A few people have asked us, in the last few weeks, whether we are going to package CRAFT into a product. The honest answer is: not yet, and probably not the way you would expect.
We are going to keep running it. We are going to keep writing about it. We are going to keep adding clients to the cohort that uses it, and we are going to keep being public about what works and what does not. At some point there will be a version of it that is mature enough to be a product, but if we ship that version before we have run it on enough engagements at enough team sizes, we will end up selling the polished form to people who need the actual function. We have watched too many methodologies make that exact mistake.
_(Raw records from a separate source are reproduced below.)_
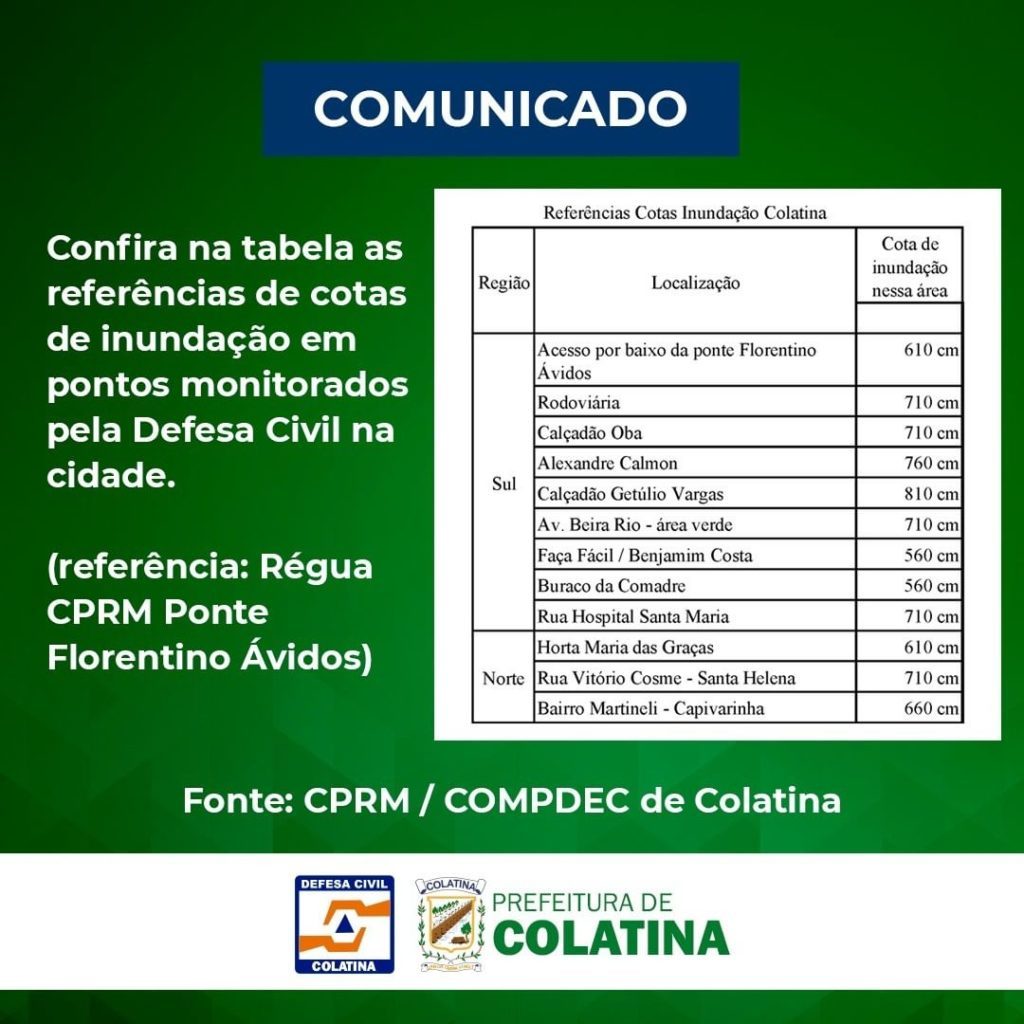 Confira no comunicado da Prefeitura de Colatina, quais as regiões onde a inundação do Rio Doce de acordo com a elevação do nível do rio.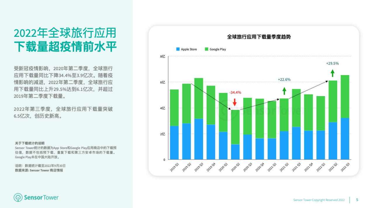 2020年第二季度,全球游览运用下载量因疫情影响同比下降34.4%至3.9亿次。跟着全球游览商场的逐渐康复,2022年第二季度游览运用下载量同比上升29.5%达6.1亿次。2022年第三季度游览运用下载量持续增加至6.5亿次,创前史新高。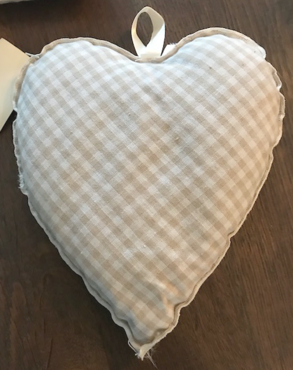 Groot hart met gedrukte tekst en gevuld met lavendel
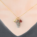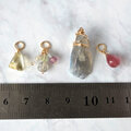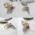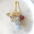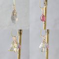 3種のパーツからなるフリンジチャーム。使用石は、ラウンドカットラブラドライト(1)&ピンクスピネル(1)、クリアトルマリン(2)&ラブラドライトタンブル(1)、ホワイトジルコン(2)&グレームーンストーン(1)。単品でも、他のトップと組み合わせてお使いいただいても素敵です。※()内は使用個数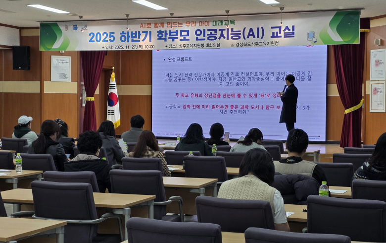 상주교육지원청은 지난달 27일 지역 학부모를 대상으로 ‘2025 하반기 학부모 AI교실’을 개최했다. 이번 연수는 4차 산업혁명 시대의 변화에 대응하는 학부모의 인공지능(AI) 기술에 대한 이해도 향상과 부모-자녀 간 디지털 소통 격차를 해소하기 위해 마련됐다. 이날 연수에는 지역 유치원 및 각급학교 학부모 희망자 30명 내외가 참여하여 교육현장에서의 AI활용 이해도를 높이는 시간을 가졌다. 강의는 남산중학교 진광훈 교사가 ▲AI의 기본개념 ▲교육현장에서의 활용 사례 ▲학생들의 미래역량과 AI교육 방향 등을 PPT자료로 설명했다. 이어지는 체험시간에는 학부모들이 생성형 AI를 직접 사용해보는 실습을 통해 AI기술이 실생활 및 자녀교육에서 어떻게 활용될 수 있는지 경험해보는 기회를 가졌다. 김종현 교육장은 “이번 학부모 AI교실이 가정과 학교가 함께 AI 시대의 교육 흐름을 이해하는 데 큰 도움이 되길 바란다”며 “앞으로도 학부모와 학생이 함께 미래교육을 준비할 수 있도록 지원을 아끼지 않겠다”고 했다.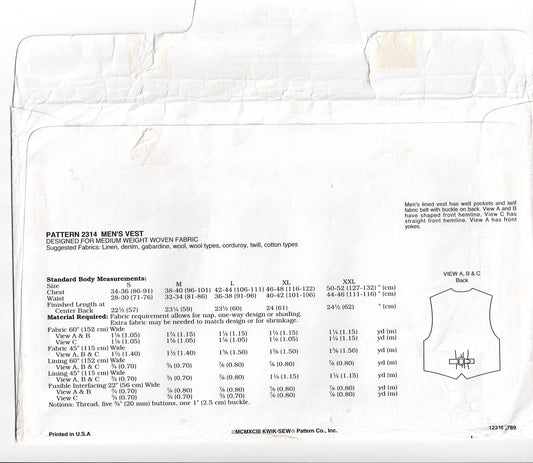 Patrón de costura vintage de los años 90 Kwik Sew 2314 para chalecos de hombre en 3 estilos, tallas S a XXL, sin cortar, doblado de fábricaPrecio habitual $10.00 AUDPrecio habitualPrecio unitario / por$10.00 AUDPrecio de oferta $10.00 AUD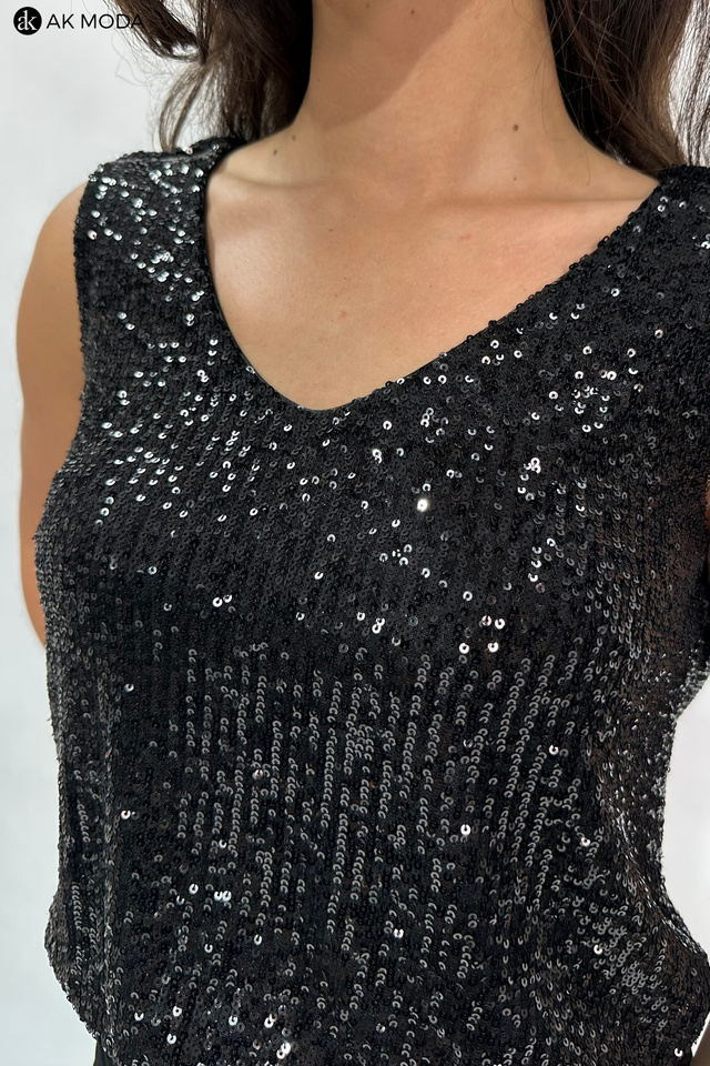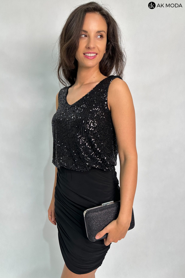 Elegancka sukienka mini w kolorze czarnym z odsłoniętymi plecami. Dół dopasowany z marszczeniami po bokach, góra luźniejsza wyszywana cekinami. Sukienka uszyta z elastycznego materiału.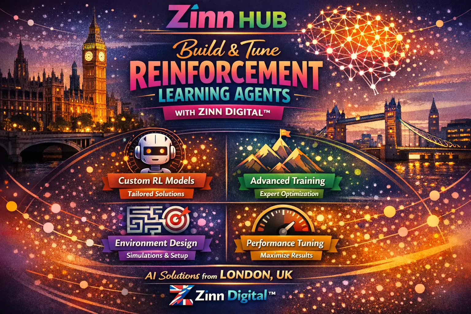 Unlock smarter decisions with Reinforcement Learning. Zinn Digital ™ designs, codes and delivers bespoke RL agents that learn through trial-and-error to optimise trading, resource allocation, process control or any simulation-ready task you have in mind.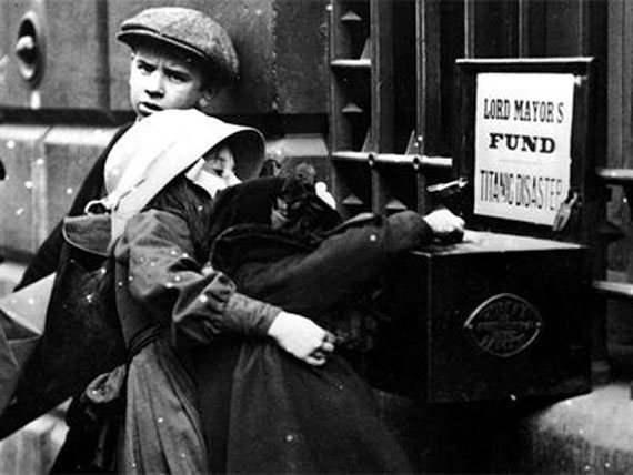 Дети у ящика для сбора пожертвований пассажирам и членам экипажа «Титаника», выжившим после крушения (1912 год, Нью-Йорк)

For now, the artifact we are leaving you with at the end of this series is not a tool. It is a self-assessment. The CRAFT Maturity Model. It is the same lens Skip and I used last Wednesday when we sat down with that spreadsheet. You can use it on your own team, in about thirty minutes, to figure out where you actually are on each CRAFT component, and where the highest-leverage next step lives.
For each of the five CRAFT components below, score your team from 1 to 5 using the rubric. The point of the assessment is not to score high. It is to surface where the lowest-leverage component is, so you can pick a single, focused next step.
Tuned for a three-to-five person team. Larger teams can use it but should expect the maintenance discipline thresholds to be more demanding.
Total below 10: You are pre-CRAFT. Pick one component to start with based on your sharpest current pain, and run it for six weeks before adding anything else.
Total 10–15: You are running the system partially. Find the component with the lowest score and ask whether that gap is intentional, given your risk profile, or accidental. If accidental, that is your next focus.
Total 16–20: The system is running. Your next leverage is probably in calibration: tightening the Intent Contract, refining the Fortify Gate, getting the Context Graph closer to currency. The components are in place. The function is improving.
Total 21–25: You are running the full system. Use the assessment quarterly to catch drift. The biggest risk at this maturity is complacency, where the artifacts stay current but the conversations they were designed to force start to soften.
The scores are less important than the conversation the scores force. If two people on the same team score the same component differently, that gap is the most useful data point in the exercise. It means the artifact exists, but the team's relationship to it does not yet match. That gap is what you fix next.